TASK DESCRIPTION
Only one span of the material below is wanted. Output it exactly, from the line with "球迷社媒留言要求維拉總監(jiān)引援,后者回復(fù):相信過程" through the line with "Figure 8 shows", without any pictures.

MATERIAL FOR THE TASK
=== Begin Enclosure ===

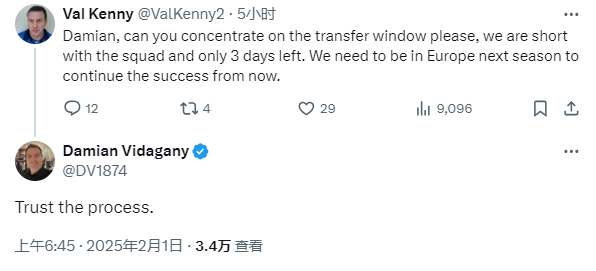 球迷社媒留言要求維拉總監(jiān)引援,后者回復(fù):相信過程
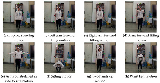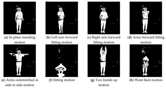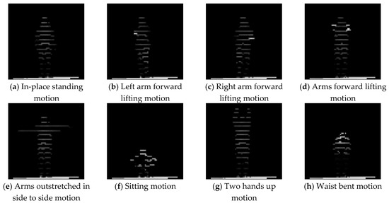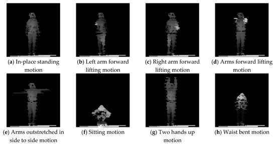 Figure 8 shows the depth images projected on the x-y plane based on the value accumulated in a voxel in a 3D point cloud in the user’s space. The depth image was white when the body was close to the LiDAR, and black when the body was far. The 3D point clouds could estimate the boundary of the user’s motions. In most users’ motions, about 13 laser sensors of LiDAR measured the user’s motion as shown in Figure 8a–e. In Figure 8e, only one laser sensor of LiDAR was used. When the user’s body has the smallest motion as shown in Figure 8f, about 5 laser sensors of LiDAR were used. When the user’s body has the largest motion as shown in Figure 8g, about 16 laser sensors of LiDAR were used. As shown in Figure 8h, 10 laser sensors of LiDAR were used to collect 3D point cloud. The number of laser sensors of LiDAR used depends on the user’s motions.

=== End Enclosure ===
=== Begin Enclosure ===

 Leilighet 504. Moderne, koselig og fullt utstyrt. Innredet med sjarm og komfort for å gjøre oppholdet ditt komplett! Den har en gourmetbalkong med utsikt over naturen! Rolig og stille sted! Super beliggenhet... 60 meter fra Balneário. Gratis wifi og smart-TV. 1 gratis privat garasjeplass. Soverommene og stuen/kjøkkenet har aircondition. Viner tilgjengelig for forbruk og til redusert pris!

=== End Enclosure ===

RESULT
 球迷社媒留言要求維拉總監(jiān)引援,后者回復(fù):相信過程
 Figure 8 shows the depth images projected on the x-y plane based on the value accumulated in a voxel in a 3D point cloud in the user’s space. The depth image was white when the body was close to the LiDAR, and black when the body was far. The 3D point clouds could estimate the boundary of the user’s motions. In most users’ motions, about 13 laser sensors of LiDAR measured the user’s motion as shown in Figure 8a–e. In Figure 8e, only one laser sensor of LiDAR was used. When the user’s body has the smallest motion as shown in Figure 8f, about 5 laser sensors of LiDAR were used. When the user’s body has the largest motion as shown in Figure 8g, about 16 laser sensors of LiDAR were used. As shown in Figure 8h, 10 laser sensors of LiDAR were used to collect 3D point cloud. The number of laser sensors of LiDAR used depends on the user’s motions.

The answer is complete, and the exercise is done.